_ACTION ITEM:_
A faithful copy of the data is the goal; set it down exactly, without the images.

_INFORMATION SUPPLIED:_
########################################
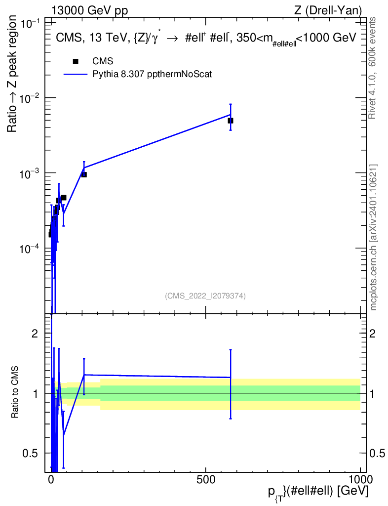 Lines: data, pythia8 8.307 ppthermNoScat |
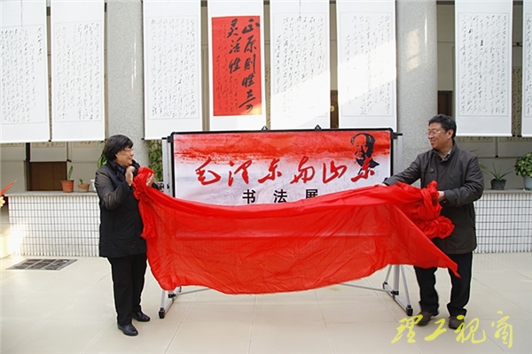 本网讯 12月26日,适逢毛泽东诞辰121周年纪念日,由淄博市关工委、山东理工大学关工委、淄博职业学院关工委联合主办,我校离退休工作处和校书画学会承办的纪念毛泽东诞辰121周年张福信“毛泽东与山东书法展”在我校西校区老干部活动中心开展。
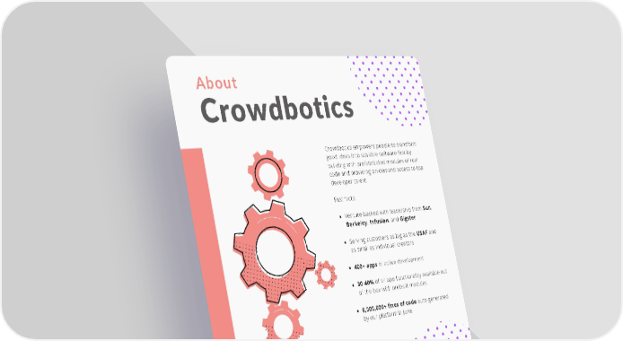 About Crowdbotics Crowdbotics empowers people to transform good ideas into scalable software fast by building with prefabricated modules of real code and providing on-demand access to top developer talent. Fast facts: Venture-backed with leadership from Sun, Berkeley, Infusion, and Gigster Serving customers as big as the USAF and as small as individual creators 400+ apps in active development 30-40% of all app functionality available out of the box with prebuilt modules 6,000,000+ lines of code auto-generated by our platform in June Ready to build? Talk To An Expert Today 15
########################################
_TASK RESULT:_
 Lines: data, pythia8 8.307 ppthermNoScat |
 本网讯 12月26日,适逢毛泽东诞辰121周年纪念日,由淄博市关工委、山东理工大学关工委、淄博职业学院关工委联合主办,我校离退休工作处和校书画学会承办的纪念毛泽东诞辰121周年张福信“毛泽东与山东书法展”在我校西校区老干部活动中心开展。
 About Crowdbotics Crowdbotics empowers people to transform good ideas into scalable software fast by building with prefabricated modules of real code and providing on-demand access to top developer talent. Fast facts: Venture-backed with leadership from Sun, Berkeley, Infusion, and Gigster Serving customers as big as the USAF and as small as individual creators 400+ apps in active development 30-40% of all app functionality available out of the box with prebuilt modules 6,000,000+ lines of code auto-generated by our platform in June Ready to build? Talk To An Expert Today 15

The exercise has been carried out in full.